*** Block opens ***

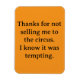 Thanks for not selling me to the circus. I know it was tempting card
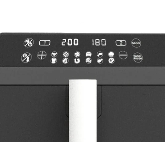 Gaisa friteze ir paredzēta fritēšanai, cepšanai un uzsildīšanai, neizmantojot vai izmantojot minimālu eļļas daudzumu. Pateicoties **10l** tilpumam un divu zonu sistēmai, tā ir lieliski piemērota lielām ģimenēm, ļaujot vienlaicīgi pagatavot pamatēdienu un piedevu.
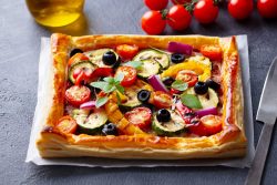 - Répartissez harmonieusement les rondelles de courgette et les tomates hachées sur la pizza.
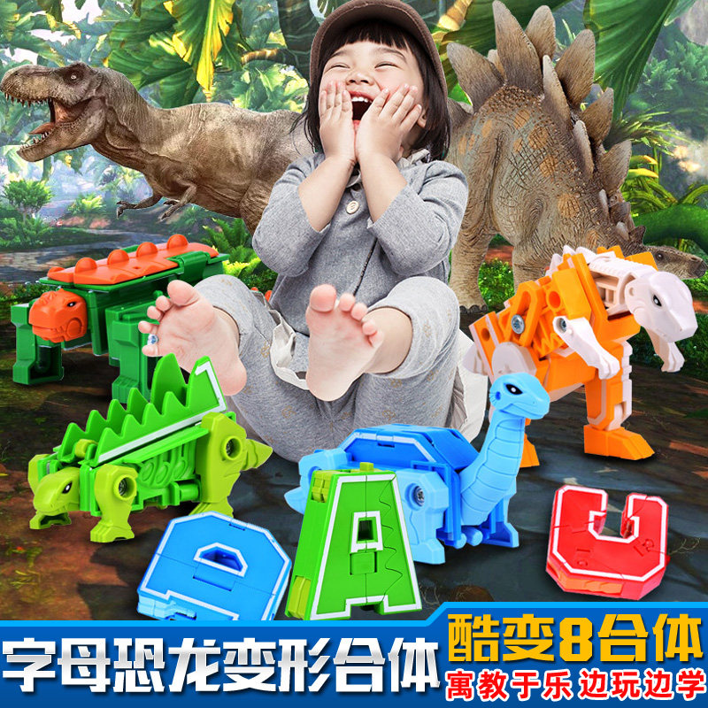字母变形儿童战队百变机器人益智玩具数字恐龙儿童5男孩3-6岁礼物
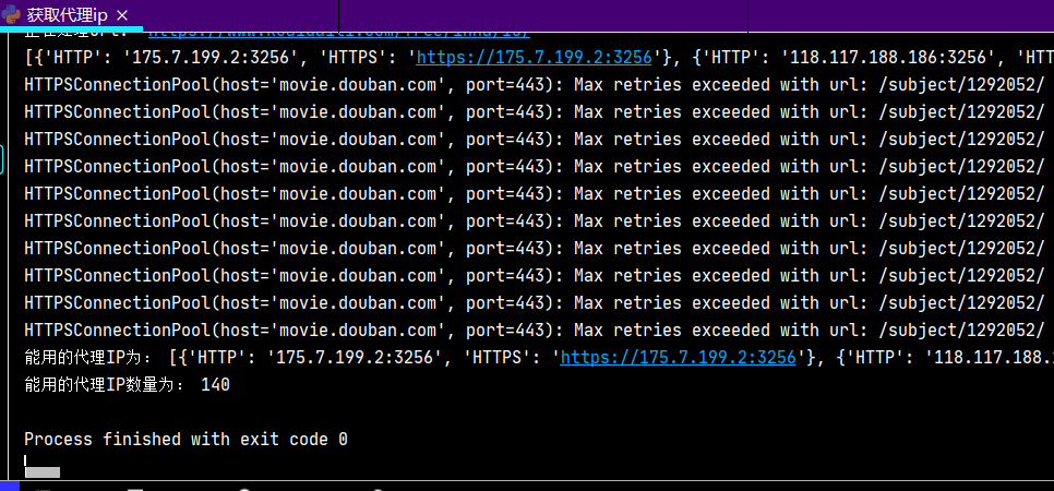 def check_ip(list_ip):headers = {'User-Agent': 'Mozilla/5.0 (Windows NT 10.0; Win64; x64) AppleWebKit/537.36 (KHTML, like Gecko) Chrome/91.0.4472.164 Safari/537.36 Edg/91.0.864.71','Connection': 'close'}# url = 'https://www.baidu.com' # 以百度为例,检测IP的可行性url = 'https://movie.douban.com/subject/1292052/'can_use = []for ip in list_ip:try:response = requests.get(url=url,headers=headers,proxies=ip,timeout=3) # 在0.1秒之内请求百度的服务器if response.status_code == 200:can_use.append(ip)except Exception as e:print(e)return can_usecan_use = check_ip(list_headers_ip)
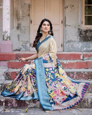 Multi Kalamkari Digital Printed Tussar Silk Saree With Zari Motif Border
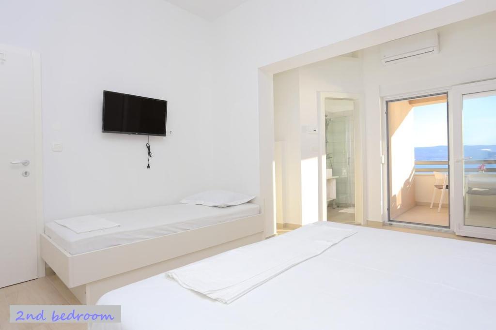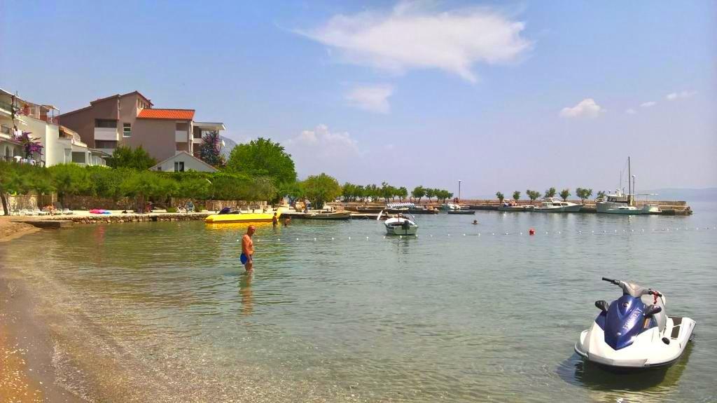 Pozitiv: Locație excelentă, chiar pe plajă. Plajele din fața casei sunt grozave (pietriș, nisip). Negativ: La sosire, chiar la parcare, în loc de o băutură de bun venit, doamna ne-a cerut să plătim apartamentul, fără să fi văzut încă apartamentul. Când am cerut telecomanda televizorului, doamna a spus că televizorul nu merge. Pe toată durata șederii noastre în apartament, televizorul nu a fost reparat și nici nu a adus unul nou.

*** Block closes ***

◆ Instructions to follow: Restate word for word every line from the one with "Gaisa friteze ir" up to and including the one with "Multi Kalamkari Digital" in the records above, minus the pictures.

◆ Written reply:
 Gaisa friteze ir paredzēta fritēšanai, cepšanai un uzsildīšanai, neizmantojot vai izmantojot minimālu eļļas daudzumu. Pateicoties **10l** tilpumam un divu zonu sistēmai, tā ir lieliski piemērota lielām ģimenēm, ļaujot vienlaicīgi pagatavot pamatēdienu un piedevu.
 - Répartissez harmonieusement les rondelles de courgette et les tomates hachées sur la pizza.
字母变形儿童战队百变机器人益智玩具数字恐龙儿童5男孩3-6岁礼物
 def check_ip(list_ip):headers = {'User-Agent': 'Mozilla/5.0 (Windows NT 10.0; Win64; x64) AppleWebKit/537.36 (KHTML, like Gecko) Chrome/91.0.4472.164 Safari/537.36 Edg/91.0.864.71','Connection': 'close'}# url = 'https://www.baidu.com' # 以百度为例,检测IP的可行性url = 'https://movie.douban.com/subject/1292052/'can_use = []for ip in list_ip:try:response = requests.get(url=url,headers=headers,proxies=ip,timeout=3) # 在0.1秒之内请求百度的服务器if response.status_code == 200:can_use.append(ip)except Exception as e:print(e)return can_usecan_use = check_ip(list_headers_ip)
 Multi Kalamkari Digital Printed Tussar Silk Saree With Zari Motif Border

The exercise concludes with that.